Standard Chartered’s long‑term price target of $28 for XRP paints a dramatically bullish picture for the token, especially when you compare it to the current $1.05 price and a near‑flat 24‑hour change. While the forecast stretches eight years into the future, it underscores the bank’s belief that Ripple’s network could capture a sizable slice of cross‑border payments and other use cases, driving demand for the native token.

At the same time, Ripple appears to be shifting some of its strategic focus toward its own stablecoin, a move that could broaden the ecosystem without relying solely on XRP price gains. A stablecoin anchored to fiat could attract new institutional partners looking for low‑volatility assets, potentially increasing overall transaction volume on the XRPL and indirectly supporting XRP’s market depth.

Institutional sentiment toward XRP remains relatively upbeat, as reflected in recent ETF inflows that have logged an eight‑week streak, even as Bitcoin and Ethereum ETFs see net outflows. This divergence suggests that some investors view XRP as a distinct play, perhaps betting on its utility in remittances and the upcoming stablecoin launch.

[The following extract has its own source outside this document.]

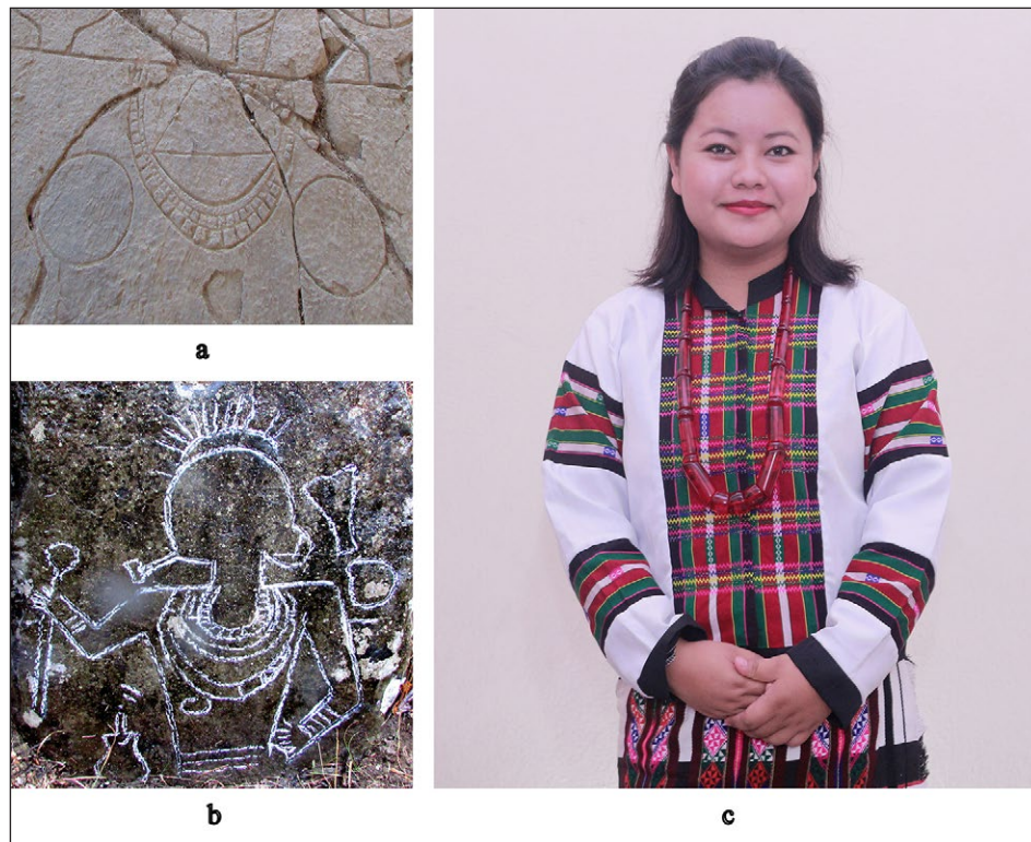
Figure 13: Bead necklace: (a) & (b) Depictions of bead necklaces (c) A Mizo lady in traditional attire wearing a bead necklace (Courtesy: Lalhmangaihi Chhakchhuak; image c).

However, the broader crypto market is currently in an “Extreme Fear” phase, with the Fear & Greed index at 12. Such a risk‑averse mood can dampen speculative buying and keep price action subdued in the short term. Retail traders should therefore temper expectations, focusing on longer‑term fundamentals and keeping an eye on regulatory developments around Ripple’s stablecoin, which could be the next catalyst for XRP’s trajectory.